The number of companies in China's sizable rubber sector, including tire makers, fell by 79 to 3,565 in 2018, following a drop of 324 companies in 2017.
Total profits generated by the industry rose 2.1% to $4.6 billion.
"It seems that some companies' performance is picking up but it's only because there is market space to fill upon the shutdowns," China Rubber Industry Association (CRIA) Secretary General Xu Wenying said at the China Rubber Conference in Guangzhou earlier this year.
The industry association's estimate for total assets of "sizable" companies' showed a decline of 1.4% to $120 billion last year. Within this estimation, tire makers' assets fell 6% to $72 billion.
CRIA also surveyed the 2017 and 2018 growth rates for 388 key companies in the sector.
The findings revealed sharp drops in production, sales and exports, Mr. Xu said, who went on to comment: "The jump in 2018 profit growth-rate only means we had a really bad year in 2017."

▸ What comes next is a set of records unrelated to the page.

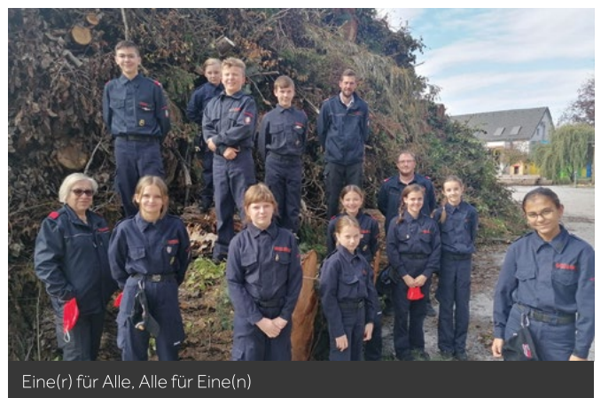
Eine(r) für Alle, Alle für Eine(n)
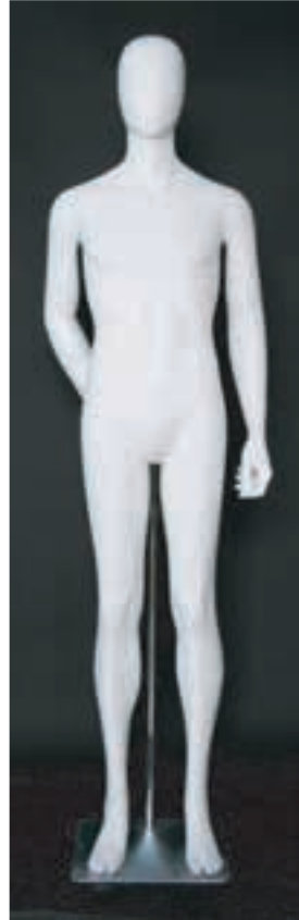
- MD - 6114 . B - C -
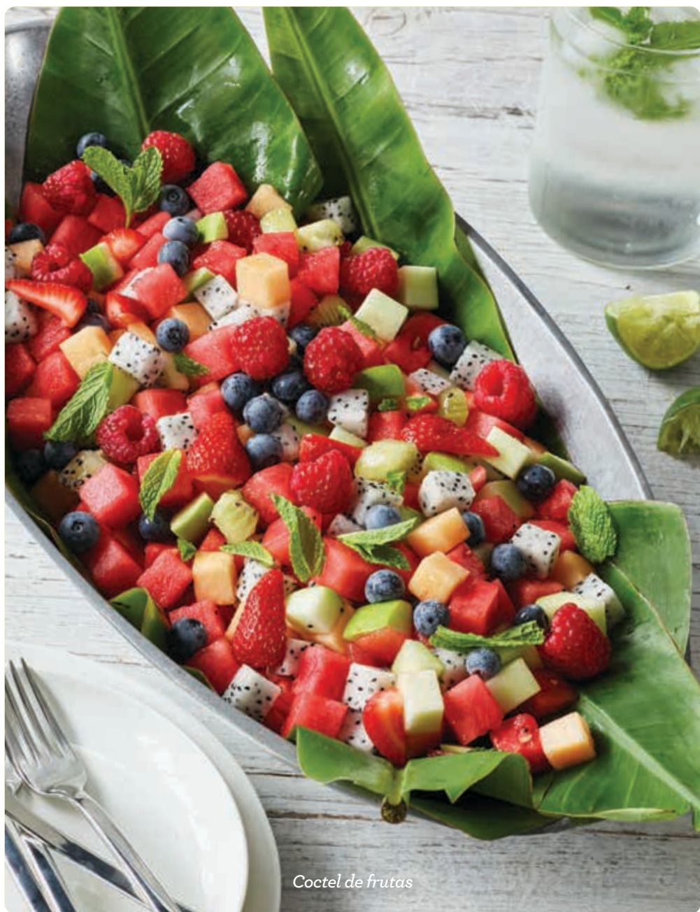
Coctel de frutas
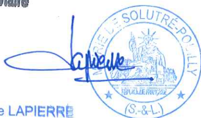
Jean-Claude LAPIERRE Maire

Acte rendu exécutoire réception en Préfecture le 17/10/2019 Publication de notification du 18/10/2019 Signé : Le Maire
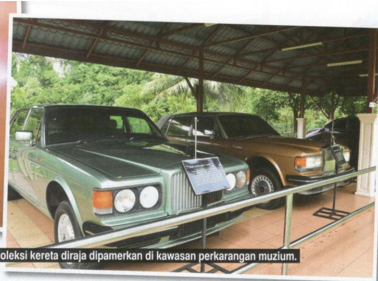
Koleksi kereta diraja dipamerkan di kawasan perkarangan muzium.

atau artifak menarik yang wajar diberikan perhatian termasuklah watakah pelantikan, baju perisai, pedang istiadat serta tengkolok.
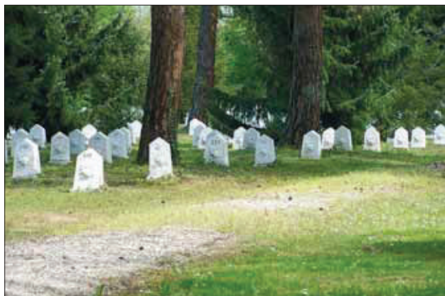
A tábor belseje a sírokkal

Monthly figures suggest "there is a strong positive correlation between growth rates for production value and export delivery value," the CRIA secretary general added.
In a segment breakdown of the 388 key companies, carbon black showed the most robust growth in terms of revenues and exports, while rubber footwear recorded negative growth for both.
Based on data from the key companies, in 2018 China's overall rubber sector recorded a 5.4% profit margin; the tire segment's profit margin of 3.1% was lower than the overall sector's in all three years.
"Investors need to be prudent with new tire projects," Mr. Xu said, citing factors such as international trade conflicts, rising U.S. dollar financing costs, the slip in domestic passenger car sales — the first time in decades — as well as Brexit and other uncertainties as reasons for the slowdown.